# need tips for beaver



## gatermaster (May 29, 2009)

ok so here it is im new to beaver trapping and im helping a local farmer get rid of some during the off season so need any helpful tips oh... and these beavers are trap shy from the farmers attempts, thanks. 8)


----------



## ILfurtrapper (Mar 29, 2009)

Snares in the runs or channels
shave a part of the bank out (like an eddie)then put quarter size fresh sticks (about 5) keep them fresh put some scratch marks face them out every direction and put a foothold on a slide wire and wait.
Its a free meal. Its worked for me in the past.


----------



## moneyshot27 (Jan 13, 2009)

castor mounds. if the farmer's been tryin to take em out, chances are he hasn't tried using castor. beaver go nuts over the smell of an intruder.


----------



## xdeano (Jan 14, 2005)

you could also night shoot the spot if the farmer hasn't tried that already.

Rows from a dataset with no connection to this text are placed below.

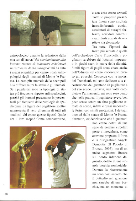 Recentemente ho notato una riproposizione di questa teoria da più parti. Alcuni si sono occupati di realizzare l'attrezzatura del "pugilatore", come lo scudo ed il guantone. Tutto molto bello, chiunque può sentirsi libero di replicare quello che vede realizzato nelle statue nuragiche. Infatti, personalmente, ho iniziato lo studio della ricostruzione marziale nuragica dal 2009, quando il gruppo Memoriae Milites fece una prima rievocazione nei locali del museo archeologico Nazionale di Cagliari, in seguito ripetuta nel tempo, tra cui anche una mostra in quel di Solanas con l'autore Montalbano. Mi dispiace chi professa di fare questo tipo di cose da 10, 20 anni prima del sottoscritto e del gruppo di cui sono membro, ma di queste persone al tempo non si vedeva manco l'ombra, e di certo non è nota alcuna partecipazione pubblica o privata in mostre o convegni. Quindi, con tutta la bontà che si può avere, iniziamo allora a mettere dei paletti...!
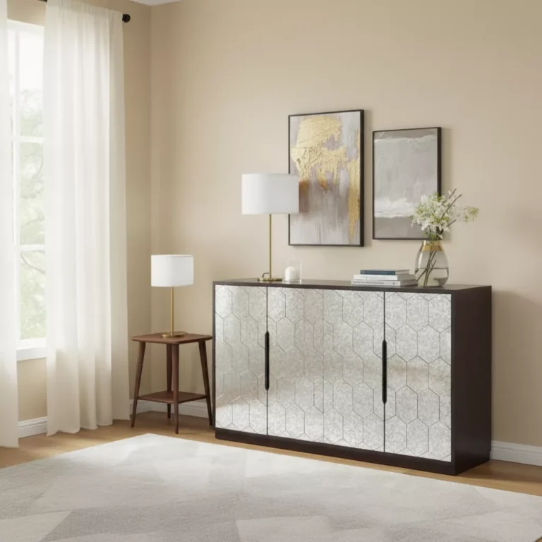 This unique fusion of Grey Truff Bard and sturdy steel accents creates a striking piece that not only adds style to your space but also offers ample storage.
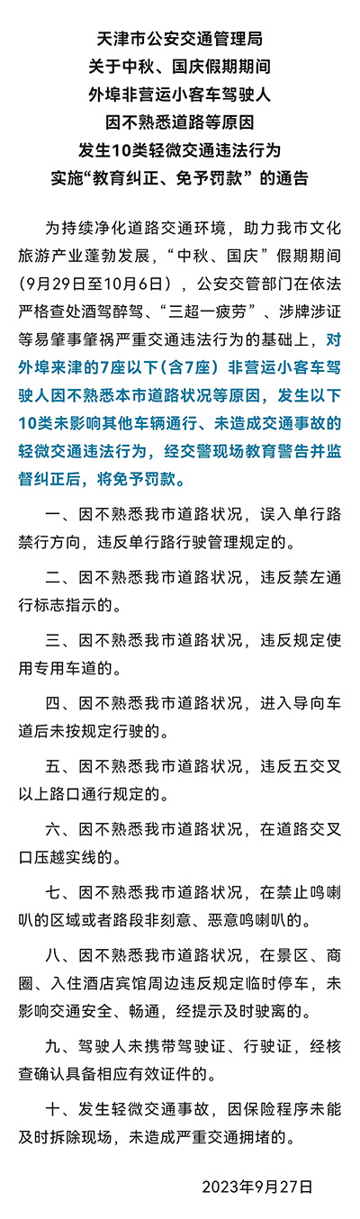 日前,记者从天津市公安局获悉,为持续净化道路交通环境,助力天津市文化旅游产业蓬勃发展,“中秋、国庆”假期期间(9月29日至10月6日),公安交管部门在依法严格查处酒驾醉驾、“三超一疲劳”、涉牌涉证等易肇事肇祸严重交通违法行为的基础上,对外埠来津的7座以下(含7座)非营运小客车驾驶人因不熟悉本市道路状况等原因,发生以下10类未影响其他车辆通行、未造成交通事故的轻微交通违法行为,经交警现场教育警告并监督纠正后,将免予罚款。
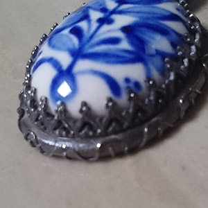 素焼きの陶器に絵付けして釉薬を掛けて本焼きした後 銀の粘土で、石座を作ったものです
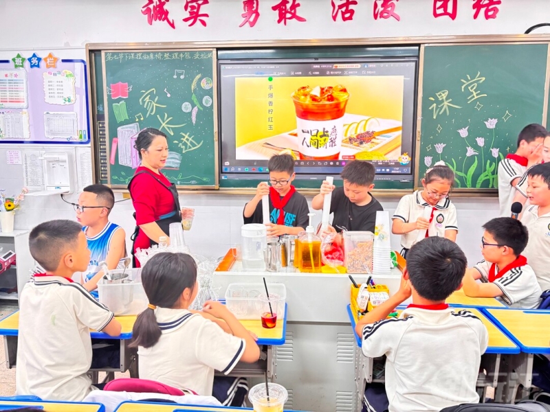 活动中,家长们精心准备,带着装满童年记忆的“百宝箱”走进教室,向孩子们介绍爸爸妈妈小时候的玩具和游戏,带领孩子们来到操场,亲身体验滚铁环、抽陀螺、丢手绢等传统游戏。此外,家长们还教孩子们制作各种美食:精致小巧的寿司、清爽可口的凉粉、香气四溢的柠檬茶、酸辣开胃的凉拌菜等,不仅满足了孩子们的味蕾,更让他们在动手实践中收获了快乐与成长。

Also try a food based bait with poplar bud oil or bark in it along side a few scraped green twigs.

break in the dam if there is one.

Find the lodge, or bank den and set traps in the runs.

Find a run that goes through cattails or trees and do a dive set with a stick on top of the water. Beaver always go to the bottom if they have to go under something, keep that in mind. If it's 10 feet to the bottom set a body grip trap on the bottom and 9 times out of 10 you'll pick the critter.

There are all kinds of different things that you can try. You just have to step outside the box.

Personally if there is a beaver that I have that I can't pick up in a trap which is not to often, but it does happen. I'll night shoot the spot. It's very effective. But sometimes it may take several nights before you pick him up.

hope this helps.

xdeano


----------



## gatermaster (May 29, 2009)

thanks guys got him on the dive stick :sniper:


----------